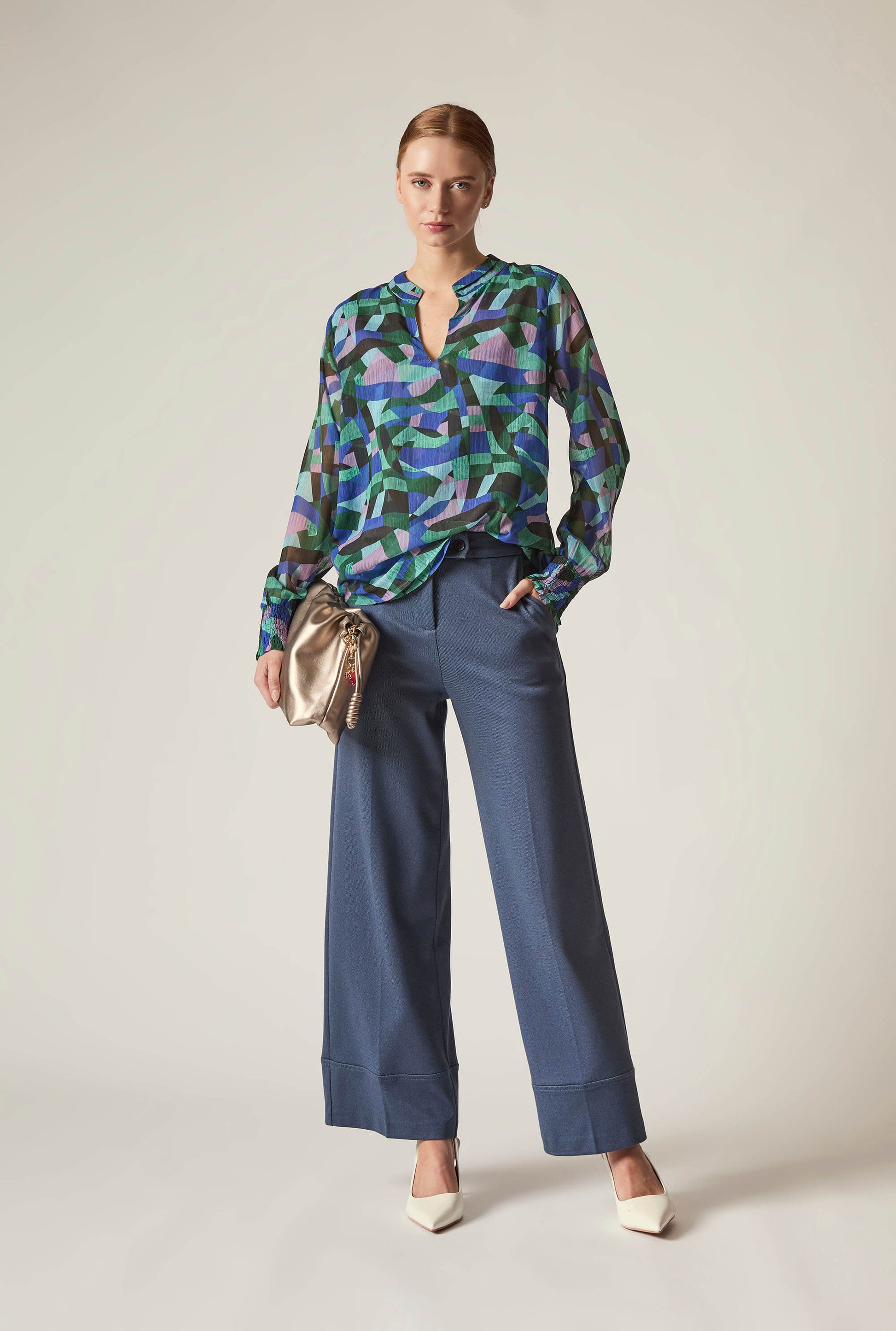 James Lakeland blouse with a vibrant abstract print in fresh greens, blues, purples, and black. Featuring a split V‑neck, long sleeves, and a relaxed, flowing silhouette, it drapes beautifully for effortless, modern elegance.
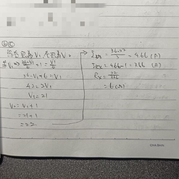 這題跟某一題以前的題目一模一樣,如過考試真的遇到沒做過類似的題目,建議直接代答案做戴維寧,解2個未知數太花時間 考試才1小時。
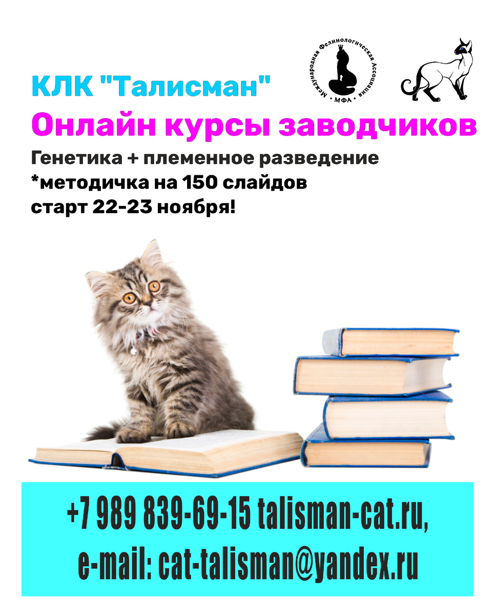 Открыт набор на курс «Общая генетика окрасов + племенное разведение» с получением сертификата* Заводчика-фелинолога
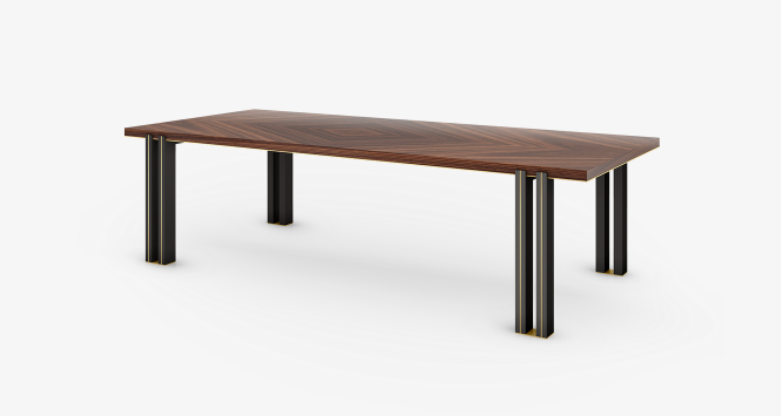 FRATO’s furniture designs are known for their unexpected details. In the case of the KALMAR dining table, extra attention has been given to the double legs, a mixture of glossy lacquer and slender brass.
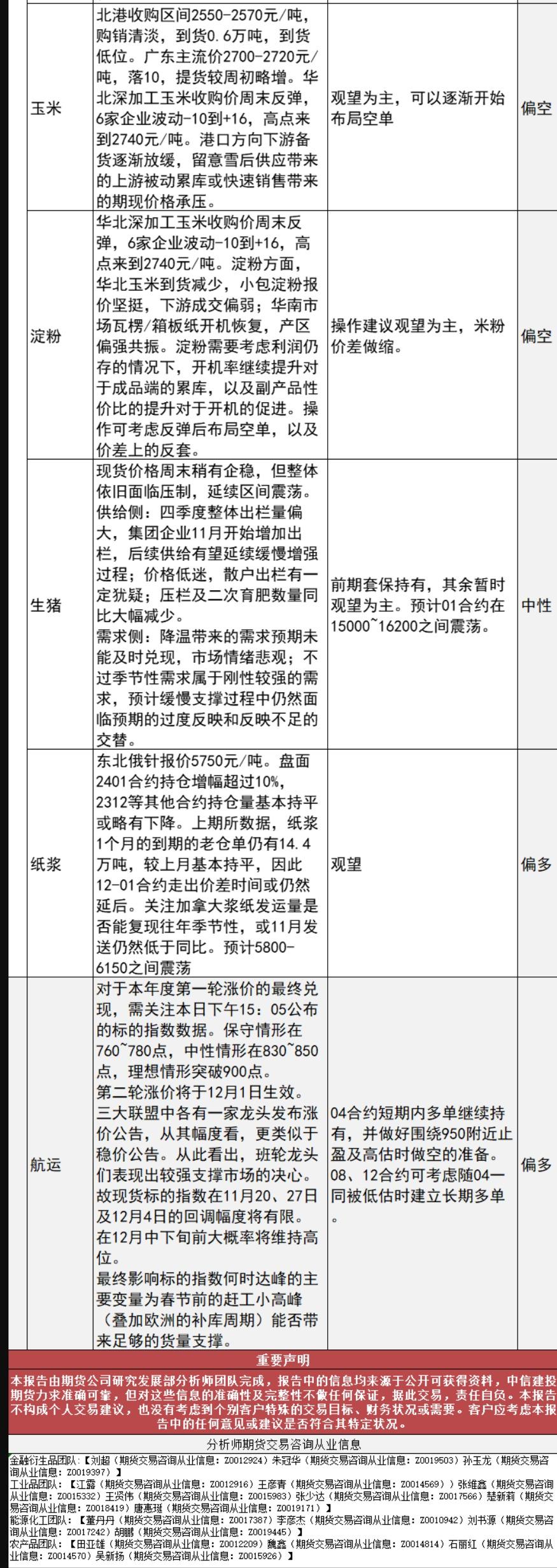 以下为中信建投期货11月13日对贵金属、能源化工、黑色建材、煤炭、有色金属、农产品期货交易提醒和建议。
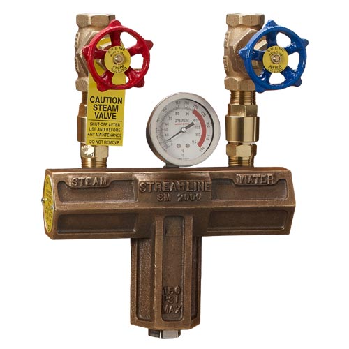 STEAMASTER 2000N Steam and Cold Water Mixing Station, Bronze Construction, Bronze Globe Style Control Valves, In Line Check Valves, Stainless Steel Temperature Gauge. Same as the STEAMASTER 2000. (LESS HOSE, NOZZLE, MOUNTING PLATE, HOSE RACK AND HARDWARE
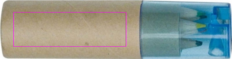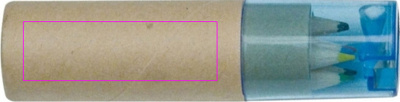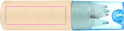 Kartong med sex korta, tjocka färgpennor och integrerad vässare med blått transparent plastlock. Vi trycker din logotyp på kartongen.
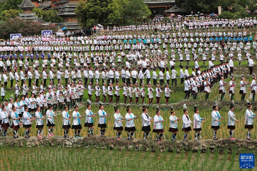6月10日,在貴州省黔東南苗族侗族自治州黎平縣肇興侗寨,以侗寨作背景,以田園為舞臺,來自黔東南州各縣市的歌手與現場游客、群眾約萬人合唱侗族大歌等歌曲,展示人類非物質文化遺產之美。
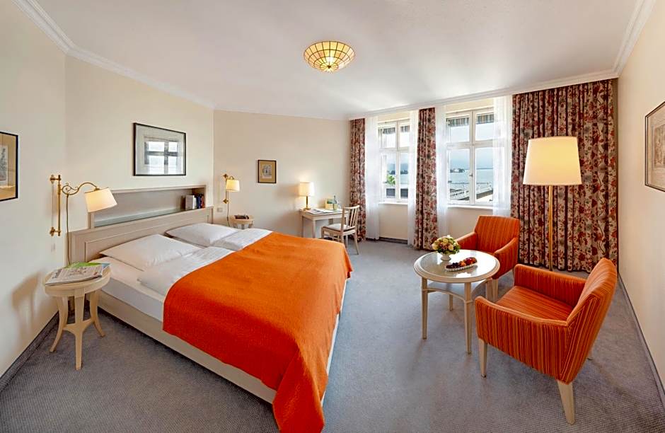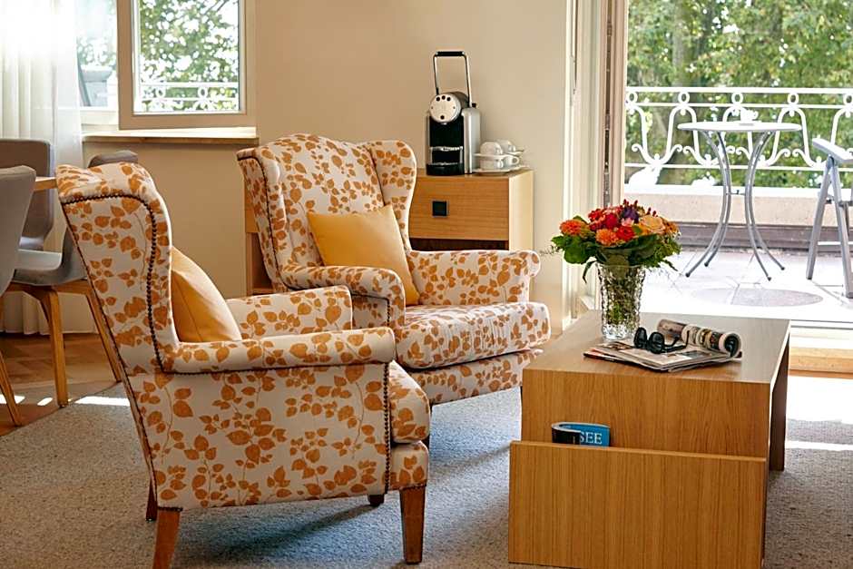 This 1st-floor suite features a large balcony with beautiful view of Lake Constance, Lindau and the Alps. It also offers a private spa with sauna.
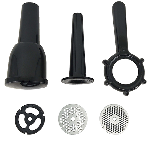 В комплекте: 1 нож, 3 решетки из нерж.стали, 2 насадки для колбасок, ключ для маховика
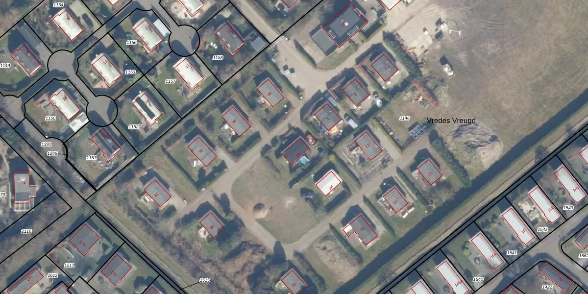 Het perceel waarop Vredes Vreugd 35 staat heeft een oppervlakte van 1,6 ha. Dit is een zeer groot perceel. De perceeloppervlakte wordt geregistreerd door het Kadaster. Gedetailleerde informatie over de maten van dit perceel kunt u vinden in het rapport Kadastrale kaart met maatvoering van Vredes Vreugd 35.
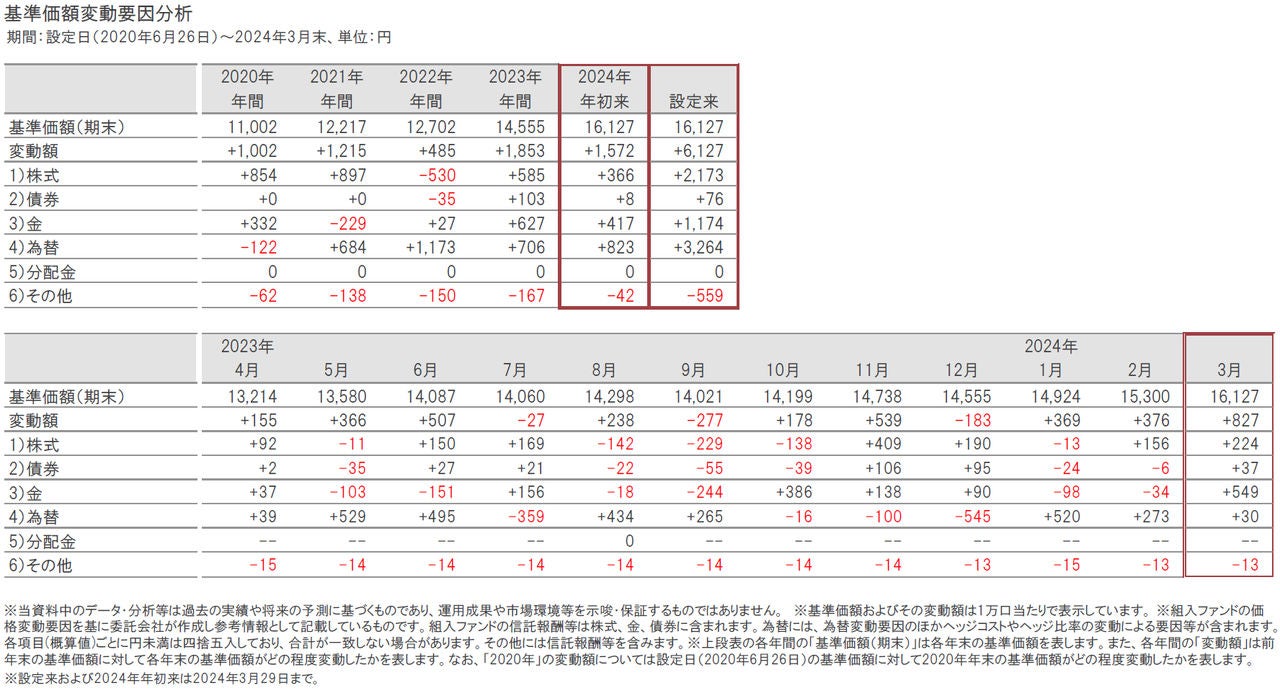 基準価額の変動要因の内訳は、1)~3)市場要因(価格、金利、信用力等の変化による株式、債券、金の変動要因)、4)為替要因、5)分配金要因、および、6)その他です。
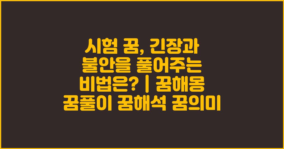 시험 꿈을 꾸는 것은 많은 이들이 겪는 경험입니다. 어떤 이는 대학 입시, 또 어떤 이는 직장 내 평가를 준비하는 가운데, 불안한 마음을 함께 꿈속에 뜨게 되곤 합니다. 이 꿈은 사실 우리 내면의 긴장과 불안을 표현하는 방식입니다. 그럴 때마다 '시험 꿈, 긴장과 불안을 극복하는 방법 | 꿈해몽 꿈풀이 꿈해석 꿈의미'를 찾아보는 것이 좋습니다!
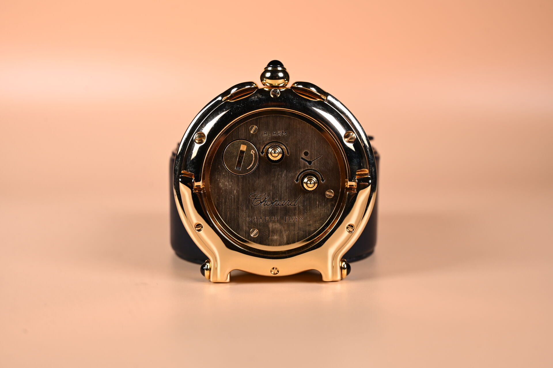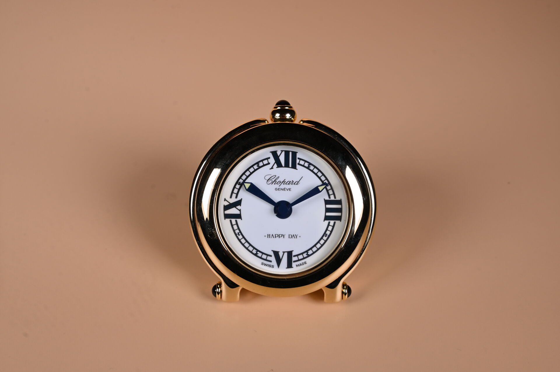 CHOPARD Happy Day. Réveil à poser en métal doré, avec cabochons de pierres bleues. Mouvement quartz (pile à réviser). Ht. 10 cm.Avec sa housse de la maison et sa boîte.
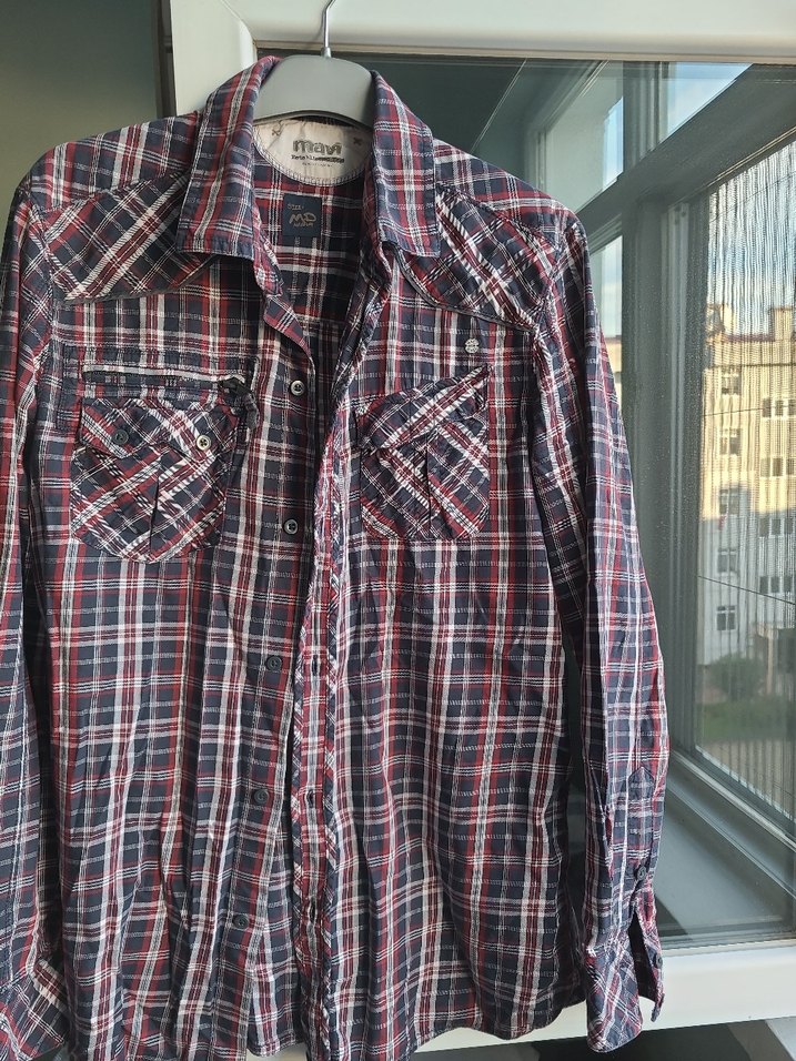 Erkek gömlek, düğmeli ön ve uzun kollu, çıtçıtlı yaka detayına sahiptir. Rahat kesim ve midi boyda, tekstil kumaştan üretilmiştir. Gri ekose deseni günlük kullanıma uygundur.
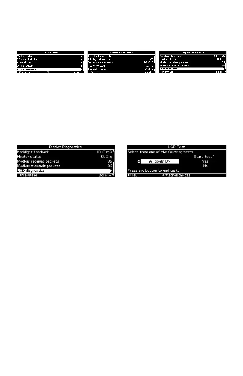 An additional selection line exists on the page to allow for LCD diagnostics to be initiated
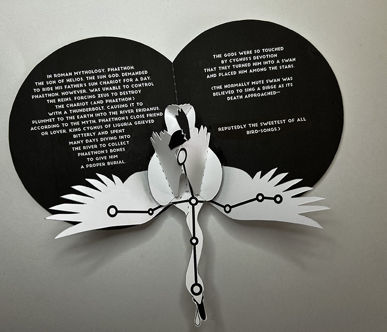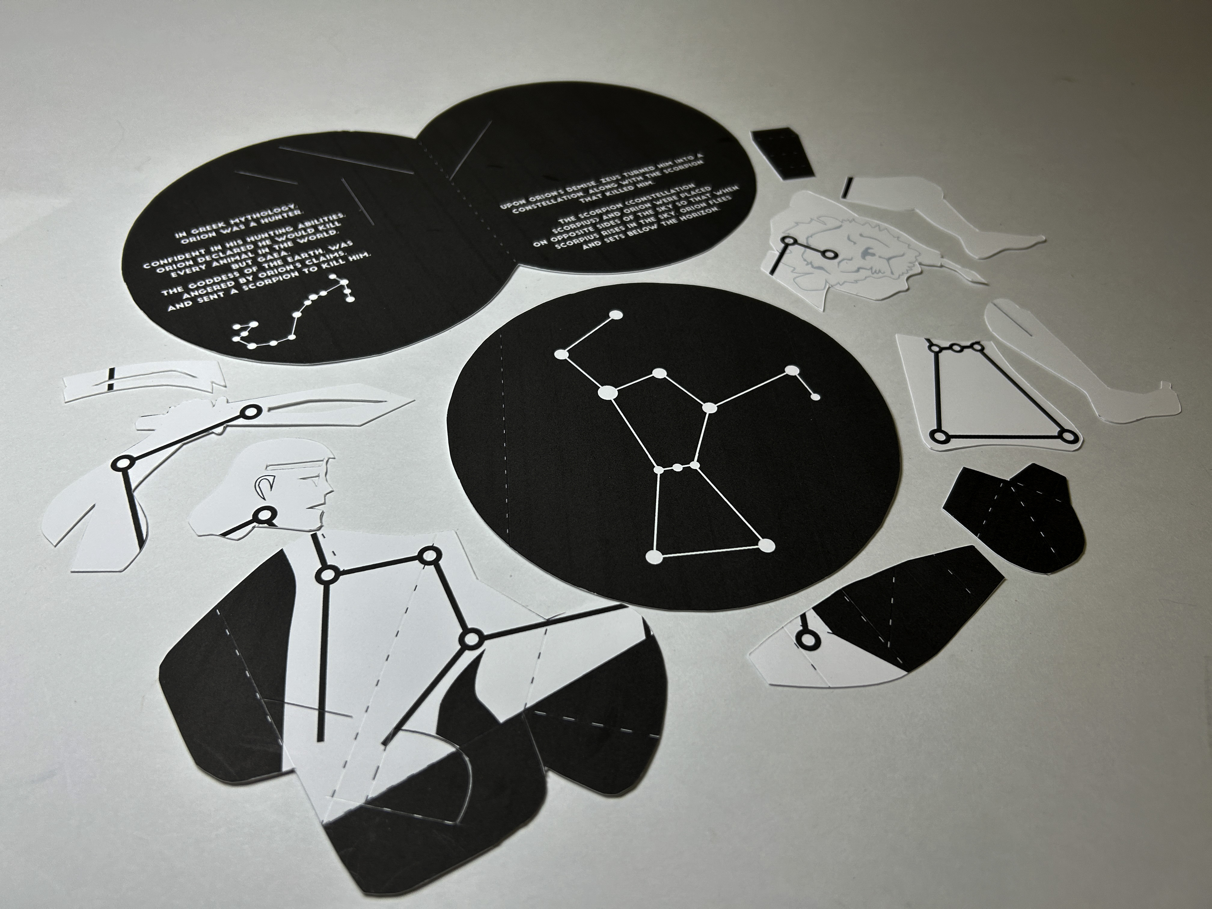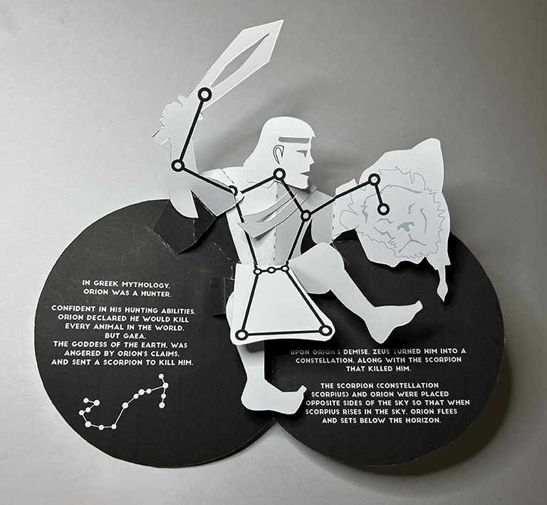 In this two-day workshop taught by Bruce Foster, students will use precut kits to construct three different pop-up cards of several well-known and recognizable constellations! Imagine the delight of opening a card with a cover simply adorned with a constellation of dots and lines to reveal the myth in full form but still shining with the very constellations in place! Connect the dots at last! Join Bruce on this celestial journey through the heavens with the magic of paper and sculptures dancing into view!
================
● **About this exercise**
Drop every image, please, and write out the data above exactly as shown.

● **Answer space**
 James Lakeland blouse with a vibrant abstract print in fresh greens, blues, purples, and black. Featuring a split V‑neck, long sleeves, and a relaxed, flowing silhouette, it drapes beautifully for effortless, modern elegance.
 這題跟某一題以前的題目一模一樣,如過考試真的遇到沒做過類似的題目,建議直接代答案做戴維寧,解2個未知數太花時間 考試才1小時。
 Открыт набор на курс «Общая генетика окрасов + племенное разведение» с получением сертификата* Заводчика-фелинолога
 FRATO’s furniture designs are known for their unexpected details. In the case of the KALMAR dining table, extra attention has been given to the double legs, a mixture of glossy lacquer and slender brass.
 以下为中信建投期货11月13日对贵金属、能源化工、黑色建材、煤炭、有色金属、农产品期货交易提醒和建议。
 STEAMASTER 2000N Steam and Cold Water Mixing Station, Bronze Construction, Bronze Globe Style Control Valves, In Line Check Valves, Stainless Steel Temperature Gauge. Same as the STEAMASTER 2000. (LESS HOSE, NOZZLE, MOUNTING PLATE, HOSE RACK AND HARDWARE
 Kartong med sex korta, tjocka färgpennor och integrerad vässare med blått transparent plastlock. Vi trycker din logotyp på kartongen.
6月10日,在貴州省黔東南苗族侗族自治州黎平縣肇興侗寨,以侗寨作背景,以田園為舞臺,來自黔東南州各縣市的歌手與現場游客、群眾約萬人合唱侗族大歌等歌曲,展示人類非物質文化遺產之美。
 This 1st-floor suite features a large balcony with beautiful view of Lake Constance, Lindau and the Alps. It also offers a private spa with sauna.
 В комплекте: 1 нож, 3 решетки из нерж.стали, 2 насадки для колбасок, ключ для маховика
 Het perceel waarop Vredes Vreugd 35 staat heeft een oppervlakte van 1,6 ha. Dit is een zeer groot perceel. De perceeloppervlakte wordt geregistreerd door het Kadaster. Gedetailleerde informatie over de maten van dit perceel kunt u vinden in het rapport Kadastrale kaart met maatvoering van Vredes Vreugd 35.
 基準価額の変動要因の内訳は、1)~3)市場要因(価格、金利、信用力等の変化による株式、債券、金の変動要因)、4)為替要因、5)分配金要因、および、6)その他です。
 시험 꿈을 꾸는 것은 많은 이들이 겪는 경험입니다. 어떤 이는 대학 입시, 또 어떤 이는 직장 내 평가를 준비하는 가운데, 불안한 마음을 함께 꿈속에 뜨게 되곤 합니다. 이 꿈은 사실 우리 내면의 긴장과 불안을 표현하는 방식입니다. 그럴 때마다 '시험 꿈, 긴장과 불안을 극복하는 방법 | 꿈해몽 꿈풀이 꿈해석 꿈의미'를 찾아보는 것이 좋습니다!
 CHOPARD Happy Day. Réveil à poser en métal doré, avec cabochons de pierres bleues. Mouvement quartz (pile à réviser). Ht. 10 cm.Avec sa housse de la maison et sa boîte.
 Erkek gömlek, düğmeli ön ve uzun kollu, çıtçıtlı yaka detayına sahiptir. Rahat kesim ve midi boyda, tekstil kumaştan üretilmiştir. Gri ekose deseni günlük kullanıma uygundur.
 An additional selection line exists on the page to allow for LCD diagnostics to be initiated
 In this two-day workshop taught by Bruce Foster, students will use precut kits to construct three different pop-up cards of several well-known and recognizable constellations! Imagine the delight of opening a card with a cover simply adorned with a constellation of dots and lines to reveal the myth in full form but still shining with the very constellations in place! Connect the dots at last! Join Bruce on this celestial journey through the heavens with the magic of paper and sculptures dancing into view!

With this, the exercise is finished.